**Problem details:** The needed output is the run of lines below from the one containing "VIN | 1FTYR14V61PB04599 |" through the one containing "Ein besonderes Highlight", copied exactly and free of pictures.

**Stored data:**
________________

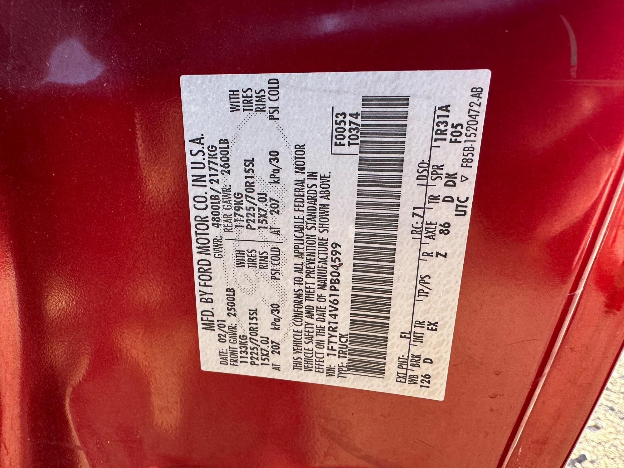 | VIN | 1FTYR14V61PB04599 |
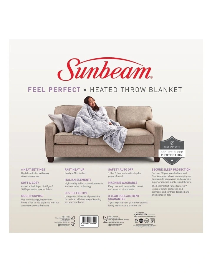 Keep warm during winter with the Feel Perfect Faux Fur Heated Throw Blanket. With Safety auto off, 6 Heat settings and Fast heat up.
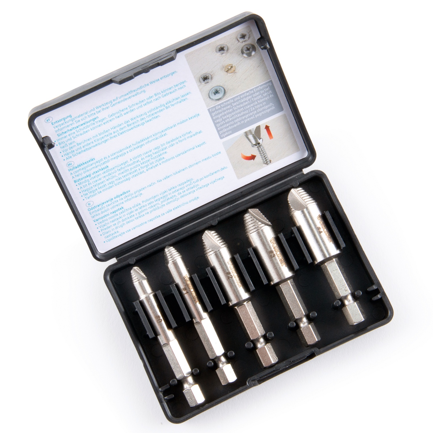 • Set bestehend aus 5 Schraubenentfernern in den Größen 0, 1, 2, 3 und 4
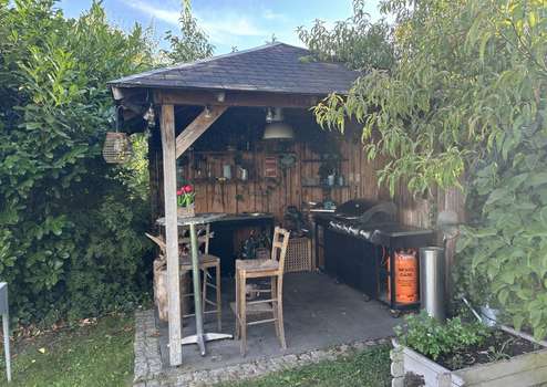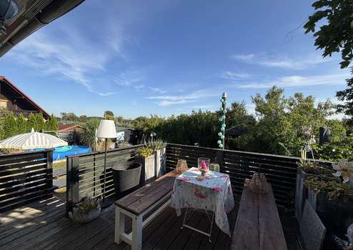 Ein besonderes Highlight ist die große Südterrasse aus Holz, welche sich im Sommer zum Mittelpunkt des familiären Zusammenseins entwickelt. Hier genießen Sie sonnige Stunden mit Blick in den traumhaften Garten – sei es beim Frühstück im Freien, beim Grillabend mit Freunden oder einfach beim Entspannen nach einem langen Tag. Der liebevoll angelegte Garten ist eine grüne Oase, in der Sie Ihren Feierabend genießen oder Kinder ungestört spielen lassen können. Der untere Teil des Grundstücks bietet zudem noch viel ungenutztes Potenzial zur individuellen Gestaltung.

________________

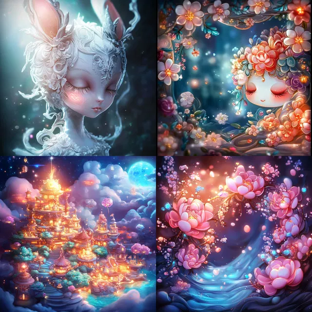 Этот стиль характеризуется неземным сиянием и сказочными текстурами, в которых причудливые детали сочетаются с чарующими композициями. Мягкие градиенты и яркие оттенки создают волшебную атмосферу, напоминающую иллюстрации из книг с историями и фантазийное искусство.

________________

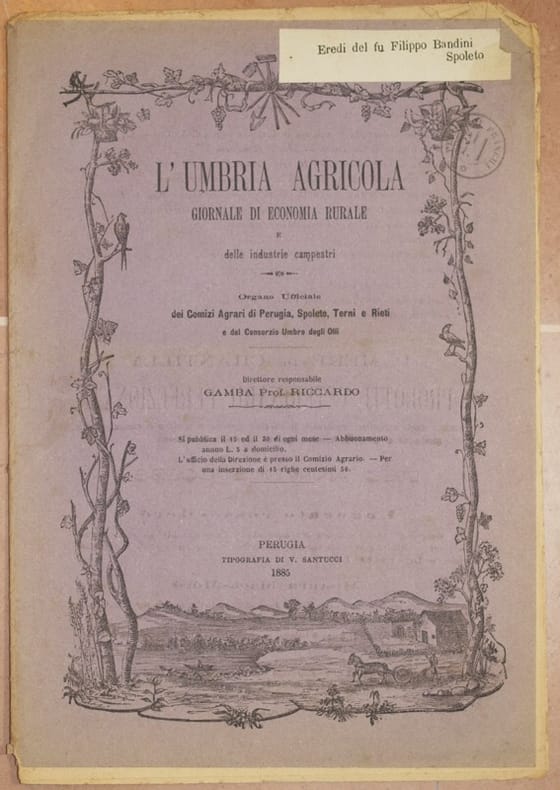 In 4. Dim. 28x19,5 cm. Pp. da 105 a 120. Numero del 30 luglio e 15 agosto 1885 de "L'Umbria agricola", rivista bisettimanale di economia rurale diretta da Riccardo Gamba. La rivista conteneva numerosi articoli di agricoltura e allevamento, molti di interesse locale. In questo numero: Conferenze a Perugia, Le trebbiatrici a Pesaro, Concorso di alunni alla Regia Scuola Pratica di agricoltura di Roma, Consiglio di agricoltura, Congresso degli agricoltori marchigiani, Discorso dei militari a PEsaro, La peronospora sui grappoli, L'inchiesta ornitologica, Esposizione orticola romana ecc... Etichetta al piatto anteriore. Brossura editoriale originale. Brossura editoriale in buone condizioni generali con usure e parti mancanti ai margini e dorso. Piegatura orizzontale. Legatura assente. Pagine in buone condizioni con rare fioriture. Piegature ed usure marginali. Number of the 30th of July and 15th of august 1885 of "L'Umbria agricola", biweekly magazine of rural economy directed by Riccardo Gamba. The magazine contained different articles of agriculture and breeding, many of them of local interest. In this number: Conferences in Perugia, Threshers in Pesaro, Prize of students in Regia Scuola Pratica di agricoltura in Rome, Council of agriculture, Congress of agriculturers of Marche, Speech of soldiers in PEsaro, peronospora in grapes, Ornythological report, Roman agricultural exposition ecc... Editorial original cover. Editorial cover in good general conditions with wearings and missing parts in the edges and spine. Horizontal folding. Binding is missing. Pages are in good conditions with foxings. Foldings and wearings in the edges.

________________

**Result below:**
 | VIN | 1FTYR14V61PB04599 |
 Keep warm during winter with the Feel Perfect Faux Fur Heated Throw Blanket. With Safety auto off, 6 Heat settings and Fast heat up.
 • Set bestehend aus 5 Schraubenentfernern in den Größen 0, 1, 2, 3 und 4
 Ein besonderes Highlight ist die große Südterrasse aus Holz, welche sich im Sommer zum Mittelpunkt des familiären Zusammenseins entwickelt. Hier genießen Sie sonnige Stunden mit Blick in den traumhaften Garten – sei es beim Frühstück im Freien, beim Grillabend mit Freunden oder einfach beim Entspannen nach einem langen Tag. Der liebevoll angelegte Garten ist eine grüne Oase, in der Sie Ihren Feierabend genießen oder Kinder ungestört spielen lassen können. Der untere Teil des Grundstücks bietet zudem noch viel ungenutztes Potenzial zur individuellen Gestaltung.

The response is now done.